A bioinformatics study revealed that the C-tail of AGC kinases is highly conserved, suggesting a global mode of regulation for this family of kinases [Kannan et al., 2007
]. In addition to directly contributing to the catalytic efficacy of the enzyme, the C tail of some AGC kinases contains protein interaction motifs that recruit cellular regulatory factors. For example, the PXXP motif in PKCβII was shown to bind to two chaperone proteins (Hsp90 and cdc37) and contribute to protein stability [Gould et al., 2009
]. Moreover, a recent study identified a conserved FD(X)1–2
Y/D motif within the tail that is essential for docking of the activating kinase, PDK1 [Romano et al., 2009
]. Interestingly, in PKA, this motif encompasses Y330. In addition to modulating catatlytic activity itself, it is intriguing to speculate that phosphorylation of Y330 may also recruit the binding of a protein/s (e.g.

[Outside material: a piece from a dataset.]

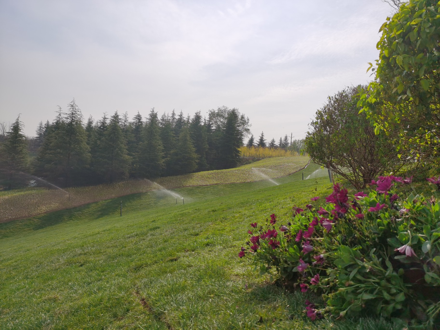 “山坡高低起伏,看起来像个高尔夫球场。”近日,一些开车路过郑州樱桃沟高速收费站的车主发现,下高速后,映入眼帘的是一大片绿色草坪,还种有樱桃树和月季花,非常养眼。
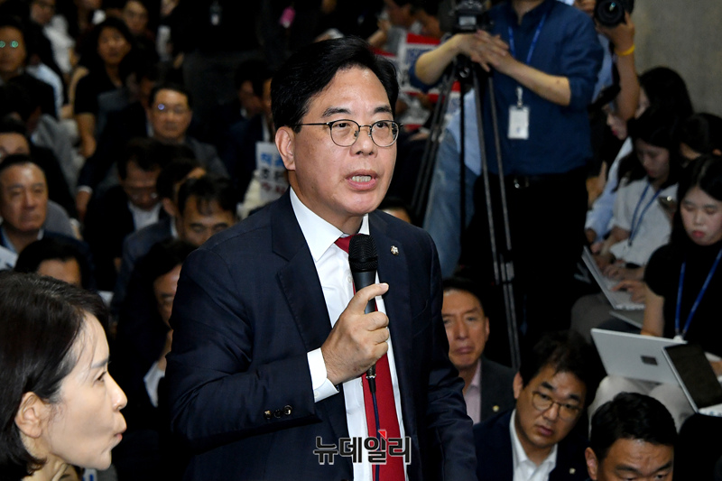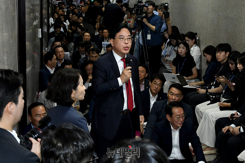 조은석 내란 특별검사팀이 국민의힘 원내대표실에 대한 압수수색을 재시도한 3일 국민의힘 송언석 원내대표가 국회 원내대표실을 찾은 특검팀을 향해 항의발언을 하고 있다.

SH2 and/or PTB domain-containing proteins) to the C tail which would then add an entirely new element to the regulation of PKA activity. While additional experimentation will be required to determine the contributions of this phosphorylation to the spectrum of cellular events mediated by growth factors, the current results provide the mechanistic basis for crosstalk between growth factor RTKs and protein kinase A, two major signal transduction pathways.